# Conductors - revelatory performances?



## apbsen (Jun 14, 2013)

On rare occasions, a conductor manages to create a revelatory performance/recording,

in which the conductor uncovers and reveals completely new aspects of a piece...and the piece presents itself in a wholly new and unknown light.

Has anyone had this experience of stumbling across a particular performance/recording, which has created this sense of "epiphany"?

And which recordings or conductors have created this feeling of discovery and re-evaluation of a piece?


----------



## QuietGuy (Mar 1, 2014)

Actually, yes. For years, I was afraid to listen to The Rite of Spring, beyond the introduction and the F flat Major/E Flat Dom7 polychord. Until I heard/saw Michael Tilson Thomas' program with the SF Symphony "Keeping Score" program on that piece. MTT did a great job of explaining the piece, its influences, structure etc... Now I listen to this version all the time, and have long since lost my "fear" of this piece.


----------



## GGluek (Dec 11, 2011)

I won't say it really produced anything new, but after years or hearing/liking/getting used to Stravinsky's own very good Columbia recording of Petrushka, I heard Boulez' with the NYPhil and was completely blown away. It was like someone used Windex on the score. I still like both, but that was one of my first experiences with a performance that caused a complete reevaluation.


----------



## Guest (Mar 13, 2014)

Gielen in Mahler's ninth.

Plays it as if it were a piece of music rather than a philosophical treatise or a meditation on mortality.

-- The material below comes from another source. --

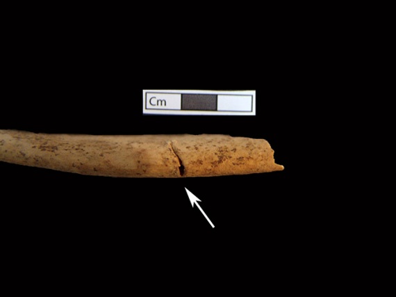 Σημειώνεται ότι ο σχετικά νεαρότερος από τους δύο άνδρες (άτομο 2) φέρει ίχνη τομών (cut marks) στην αριστερή άνω θωρακική μοίρα, σε δύο πλευρές και αυχενικό σπόνδυλο, (Εικ. 9-11) καθώς και στην κάτω επιφάνεια του στερνικού άκρου της αριστερής κλείδας. Ταυτίζονται πιθανόν με επιθετικά χτυπήματα-τραυματισμούς, που θα πρέπει να έγιναν εξ επαφής με αιχμηρό όργανο π.χ. μαχαιρίδιο, και προκάλεσαν το θάνατο του, καθώς δεν διακρίνονται ενδείξεις επούλωσης.

And what a novel idea that is, eh?

(I'm sure there are others. Gielen's is the only one I've heard that just plays the music. And splendid music it is, to be sure.)


----------



## clavichorder (May 2, 2011)

I am finding many of Hogwood's Haydn symphonies to be revelations. I also greatly enjoy Gardiner's Schumann Symphonies.


----------



## Andolink (Oct 29, 2012)

clavichorder said:


> I am finding many of Hogwood's Haydn symphonies to be revelations. I also greatly enjoy Gardiner's Schumann Symphonies.


Yes, I agree about Hogwood's Haydn symphonies cycle. So fresh and exhilarating!

My pick for most revelatory conducting job would be the Thomas Sanderling Mahler 6th with the St. Petersburg Philharmonic. His understanding of the overall architecture of the work is amazing. He gears the tempo and dynamics throughout with the sole aim of arriving at the crashing minor chord ending of the finale in the most devastating fashion.


----------



## Animato (Dec 5, 2013)

Berlioz Symphonie Fantastique

I never came accross a recording which I liked more than Zubin Metha's version with the New York Philharmonic Orchestra.
It's superb !


----------



## EdwardBast (Nov 25, 2013)

Ivan Fischer was hired as a last minute replacement conductor for a performance of Mahler 4 with the New York Philharmonic. It was a magical, wonderfully nuanced performance and if I could get a recording of it, I would favor it over any I have heard.


----------



## hpowders (Dec 23, 2013)

Leonard Bernstein created a sensation with his first recording of Shostakovich's 5th Symphony.
At the time I had never even heard of Shostakovich and I fell for the hype and bought the record.
I'm not sorry that I did. I loved it!


----------



## themysticcaveman (Jul 9, 2013)

Any Beethoven recording by Harnoncourt, namely the 3rd and Missa Solemnis, I had listened to the third so many times by so many of the greats I had listened to it so much it was losing it's spark, I had pretty much over listened to Beethoven's symphonies they were dying, and my goodness when I came across that Harnoncourt cycle I jumped so high in the air with the excitement and joy over how much he had revived Beethoven for me


----------